The house was outside a village in deepest Dorset. It took four hours to get there, and find it. After passing through a mysterious dark tunnel they drew up at last beside a big gate in a lane. There was no sign of the house, which was screened from the road by a high hedge of mixed wild trees and shrubs, not like London
hedges, which tended all to be made of the same thing.

They entered through another gate, a small one, and went up a path. The first thing that struck them was how incredibly different it all was from London. The boys could hardly grasp the fact that they were actually going to live in a place like this, surrounded by open countryside, with no other houses in sight. They felt weird about it, as if they were on another planet.

The details in the lawyers' letter had talked about ‘an acre of land, outbuildings, a paddock, and a small wood running down to a river that borders the property'. They stood on the overgrown lawn and stared round them in wonderment. In the distance were rounded hills, some with trees crowning them, and nearer were sloping fields. It was indeed ‘a big green place with lots of trees'.

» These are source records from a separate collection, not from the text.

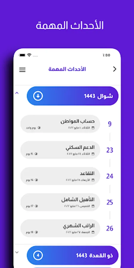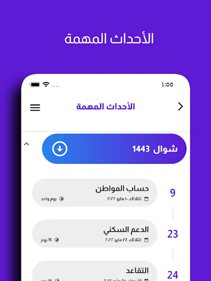 An application that serves individuals integrated to include a number of features such as scheduling personal and public tasks, a calendar of international events and days as well as alerts, as well as local events in Saudi Arabia, and additional services such as date conversion, age account and others.
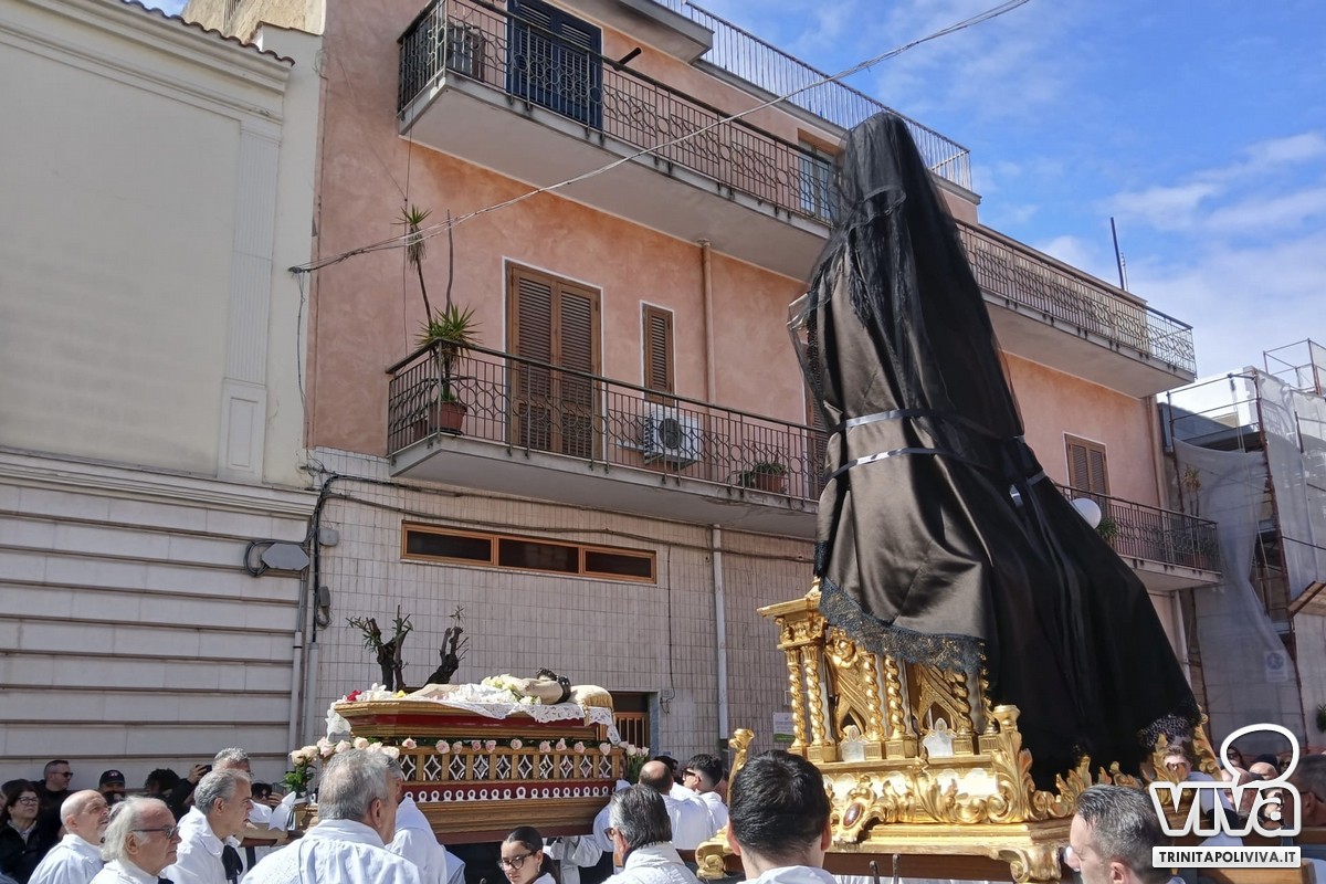 Dalla Chiesa di San Giuseppe, situata di fronte alla Chiesa Madre, sono quindi usciti i simulacri della Veronica e di "Gesù che porta la Croce", portati dalla Confraternita di San Giuseppe. A seguire, dalla Chiesa Madre, hanno fatto il loro ingresso in processione i simulacri di "Gesù Morto" e dell'Addolorata, portati dalla Confraternita del Santissimo Sacramento.
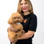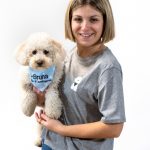 Camiseta con patrón cuadrado, de manga corta en color blanco con pequeño detalle de estampado de caniche negro en el lado izquierdo.
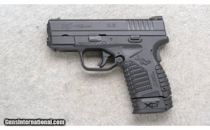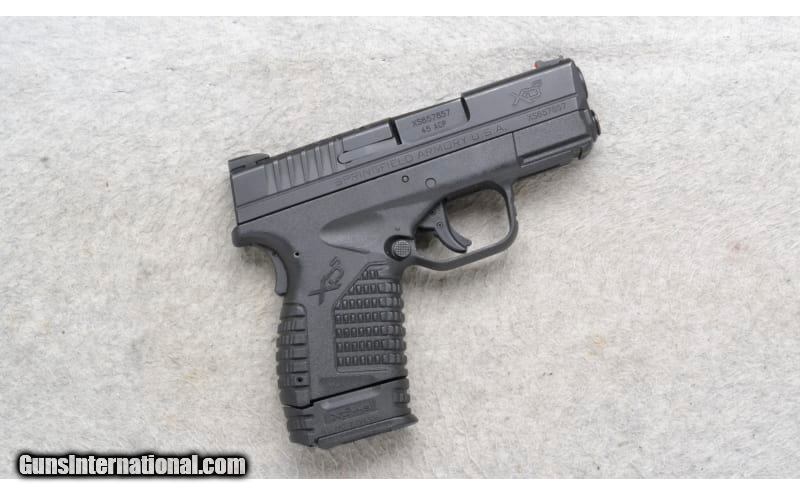 Description: This Springfield Armory Model XDS is a right hand semi-auto pistol in .45 ACP Cal. It has a 3.25 inch barrel with a rear serrated slide. A red high visibility front sight and a notch rear sight with sight dots. The grip is a textured black polymer. It has a lower accessory rail. .45 ACP SOLD Chambers: 6 round magazine. Metal Condition: Very Good. Bore Condition: Excellent. Barrels: 3.3 inch barrel. Weight: 22 oz. Sights: Red high visibility front. Notch rear with sight dots. Item Location: Richfield, WI |
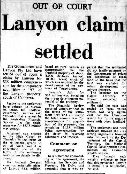 During the late 1960s, large tracts of farming land south of Canberra were resumed to make way for the development of Tuggeranong, the second of Canberra’s urban satellites. The Australian Federal Government proceeded to acquire the Lanyon property, but Field refused an offer of $1.87m. He also sought compensation of $33m, which was the amount placed on the land when assessed by a private valuer. The matter eventually went to the Australian High Court. In 1974, the Federal Government acquired Lanyon for $3.7m in an out-of-court settlement. (Wikipedia 2025)
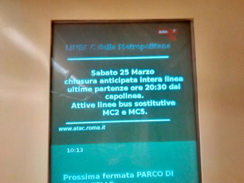 Un lavoro che imporrà lo stop della circolazione a partire dalle 20,30 di sabato sino a fine servizio, come annunciato dai tabelloni luminosi presenti nelle stazioni della Linea C.
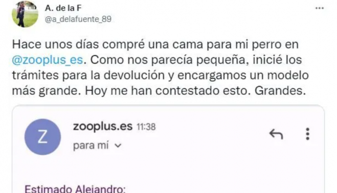 “Hace unos días compré una cama para mi perro en @zooplus_es. Como nos parecía pequeña, inicié los trámites para la devolución y encargamos un modelo más grande. Hoy me han contestado esto. Grandes”, escribía en su red social y adjuntaba una imagen de la respuesta.

“We're in the Hidden Valley,” murmured their mother. “Isn't it absolutely magical?”

“How much of all this is ours?” asked Gillon.

“Just this bit, stupid,” said Adiel. “Up to the fence.”

“No,” said their mother, consulting a sort of map the lawyers had sent. “More than that. That big field is ours — that's the paddock. Down to those trees down there. That's the river. And there's more across the lane.”


More
?” The garden at home, which they had considered vast, dwindled by comparison to tablecloth-size.

Their mother led them across the lane to the big gate. Beyond it was a yard with buildings on three sides. One
was a big workshop, and their father headed for that like an arrow. Another was three open bays under a corrugated iron roof. A third looked like an old barn and had several doors.

“That's the pigsty and stable,” their mother said. “Long disused. And a couple of rooms for feed and stuff. And somewhere there are henhouses.”

“Long disused, too, I suppose,” said Adiel.

“No, as a matter of fact, there are hens. Some old party from the village has been coming in to look after them occasionally and collect the eggs. It should be round the back there somewhere.”

The boys belted round behind the pigsty and found about a dozen hens, one of them with five tiny chicks running around squeaking. There was a handsome cockerel, too, who obliged with a regal crow as soon as they appeared.

“Hey, check this out, Dad!” called Adiel, bending over a long box. “Fresh eggs!” He emerged holding two in each hand.

“And fresh chicken!” said Gillon.

“If you can kill them,” said their mother.

“Anyone would kill a chicken to get a roast one,” said Gillon, who'd never killed anything in his life.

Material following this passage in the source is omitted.